このように複数の専門家が集まって共同研究を進めるときに大切なのは,共通のゴールに向かって,それぞれの専門性を「統合する」こと〔Cook & Hilton(eds), Committee on the Science of Team Science et al., 2015〕だと感じます。そのためには,自分の専門外のことも,互いに共通理解を図るための最低限の知識が求められます。
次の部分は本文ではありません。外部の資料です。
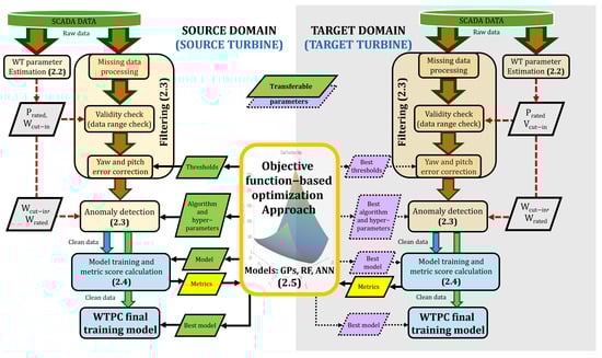 In the target domain, the stages mirror those in the source domain: estimation of WT parameters, filtering to address missing values and correct data errors, application of anomaly detection algorithms, and model training. A key advantage, however, is the use of previously optimized parameters from the source domain. This prior knowledge allows the optimization process to converge more rapidly, as the starting point is already near optimal. These values can be directly applied to enable effective anomaly detection on the target wind turbine’s SCADA data. To further improve predictive performance, a refinement step using Bayesian optimization [38] is applied. This approach ensures that the new turbine achieves high accuracy in both anomaly detection and performance prediction, without requiring extensive retraining, thereby making the process efficient and scalable across different turbines and sites.

そこで本特集では,様々な専門家と連携しながら「臨床で日々記録される医療情報,既存のデータを研究目的で2次利用する」ためのプロセスを可視化し,2次利用するためのロードマップを描くために必要な考え方や専門知識,また実際の研究事例を紹介します。
特集の構成としては,まず本稿で「既存データの2次利用に関する研究」を概観し,以降各論として,各分野の専門家の皆様に詳細な解説をお願いしました。現代のChatGPTをはじめとしたAIの時代であっても,「何を読めば欲しい情報にたどり着けるのか,見当がつかない!」といったことは多々あるかと思います。その意味でも,各分野の専門家による本特集の解説はとても意義が大きいと考えています。特集で紹介するのはあくまでも筆者らの1つの研究例ですが,同じように既存のデータを利用する様々な研究において,ステークホルダーや専門家等と連携する際の準備,また研究プロジェクト全体の見通しを立てるための一助となれば幸いです。
なお,本特集は筆者が携わっている訪問看護ステーションの事例を念頭においていますが,利用するデータや組織(訪問看護ステーション,医療機関等)の違いによらず共通する骨子を概観できるよう意識しました。読者の皆様それぞれが関心のあるデータに置き換えた形で,読み進めていただければ幸いです。